Task to carry out:
Within the lines below, the span from the line with "Crafted from premium-quality" to the line with "Bear Hugz Embroidered", both ends included, is to be reproduced exactly, with pictures omitted.

Source material:
_ _ _ _ _ _ _

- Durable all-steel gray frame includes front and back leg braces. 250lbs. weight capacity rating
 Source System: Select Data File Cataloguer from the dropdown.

_ _ _ _ _ _ _

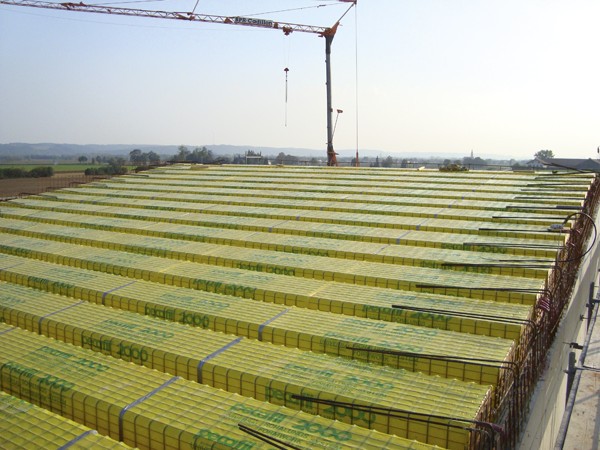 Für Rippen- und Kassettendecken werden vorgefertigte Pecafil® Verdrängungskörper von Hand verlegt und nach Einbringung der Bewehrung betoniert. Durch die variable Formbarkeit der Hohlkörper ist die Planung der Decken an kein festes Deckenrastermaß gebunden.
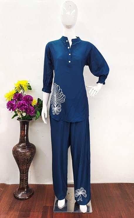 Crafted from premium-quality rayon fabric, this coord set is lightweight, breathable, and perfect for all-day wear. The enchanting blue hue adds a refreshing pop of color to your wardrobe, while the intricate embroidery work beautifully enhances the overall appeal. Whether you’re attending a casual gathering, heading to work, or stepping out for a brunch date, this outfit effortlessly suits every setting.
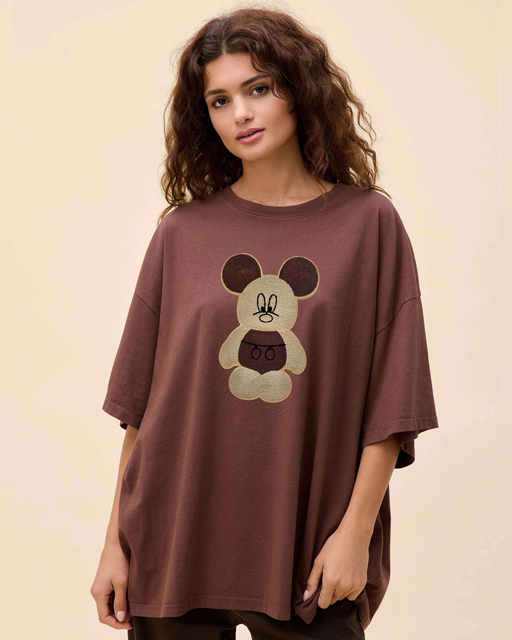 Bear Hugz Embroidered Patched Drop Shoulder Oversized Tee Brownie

_ _ _ _ _ _ _

Reply:
 Crafted from premium-quality rayon fabric, this coord set is lightweight, breathable, and perfect for all-day wear. The enchanting blue hue adds a refreshing pop of color to your wardrobe, while the intricate embroidery work beautifully enhances the overall appeal. Whether you’re attending a casual gathering, heading to work, or stepping out for a brunch date, this outfit effortlessly suits every setting.
 Bear Hugz Embroidered Patched Drop Shoulder Oversized Tee Brownie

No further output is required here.